Task requirements →
Find the word "Party" in the data, then copy each line where it is found.

Data entries
==================================================

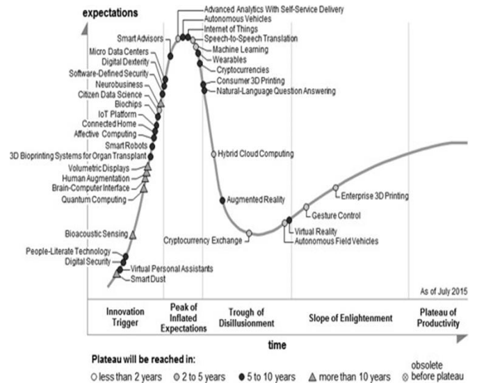
Fig 7. Gartner Hype Cycle 2015

"Deep Learning" isn't on the graph for the first time since 2015", on that time people do not motivated about the Deep learning technology(see figure 7). In the 2018 Garter hype Cycle for rising Technologies (see figure 8) the location of "Deep Learning" within the transition section is on the "Peak" whereby a lot of analysis focus is driving expectations from the sector on top of ever before and within the next decade it's expected to peak because the technology matures and analysis outcomes are reported from varied analysis teams [32].
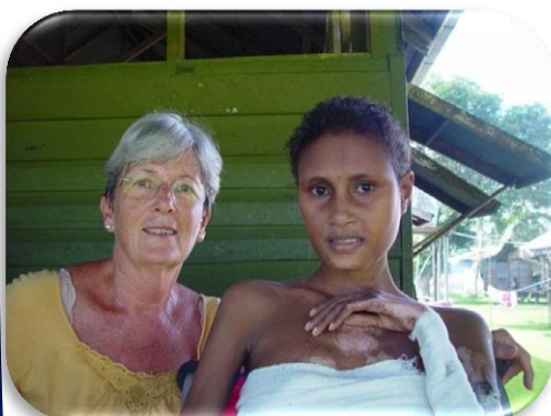
In PNG, April 2006
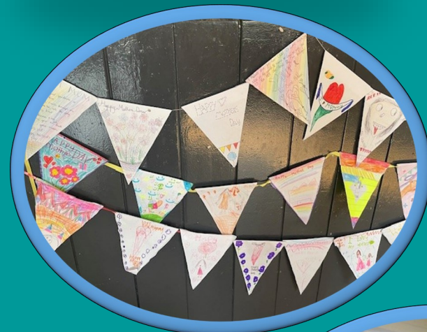
The children made very colourful and cheery bunting for the Mother's Day Tea Party that were also displayed in church on Mothering Sunday.
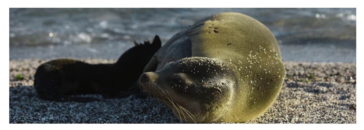
Highlights: Galapagos sea lions, marine Iguanas, magnificent & great frigatebirds, blue-footed Boobies, San Cristobal Lava Lizards.
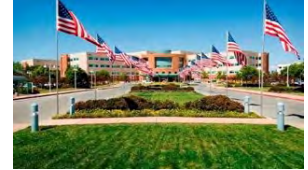
VA Medical Center 8 building hospital campus ~900,000 sqft
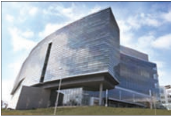
The Froedtert and The Medical College of Wisconsin Cancer Center

The Froedtert & The Medical College of Wisconsin Cancer Center is the fastest growing cancer treatment facility in southeastern Wisconsin, based on 2001-2005 market data for outpatient cancer surgery, radiation oncology and hematology/oncology services. To meet the growing demand for cancer care, a new and expanded Froedtert & The Medical College of Wisconsin Clinical Cancer Center opened in May 2008.
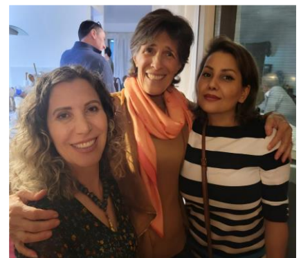
International Scholars House Party
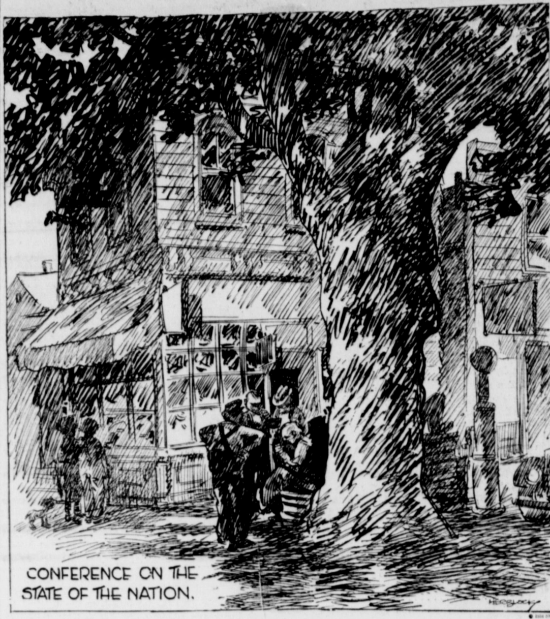
CONFERENCE ON THE STATE OF THE NATION.
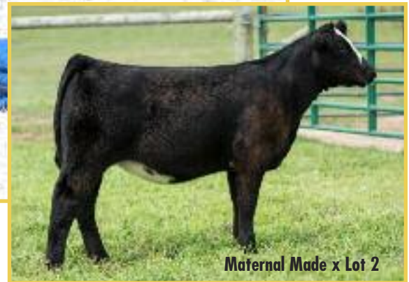
Maternal Made x Lot 2
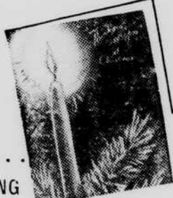
Candles . . . BLESSING

Hung on doors and windows, it invites celebrants in to share the Yuletide spirit. Ancient Romans decorated their homes with holly during religious festivals.
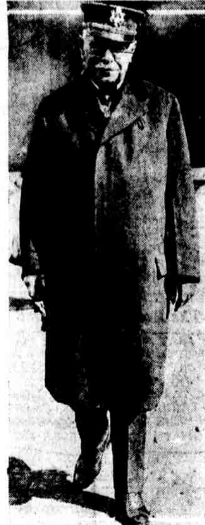
LIEUT. COM. JOHN PHILIP SOUSA on Broad street yesterday afternoon.

==================================================

Worked solution →
The children made very colourful and cheery bunting for the Mother's Day Tea Party that were also displayed in church on Mothering Sunday.
International Scholars House Party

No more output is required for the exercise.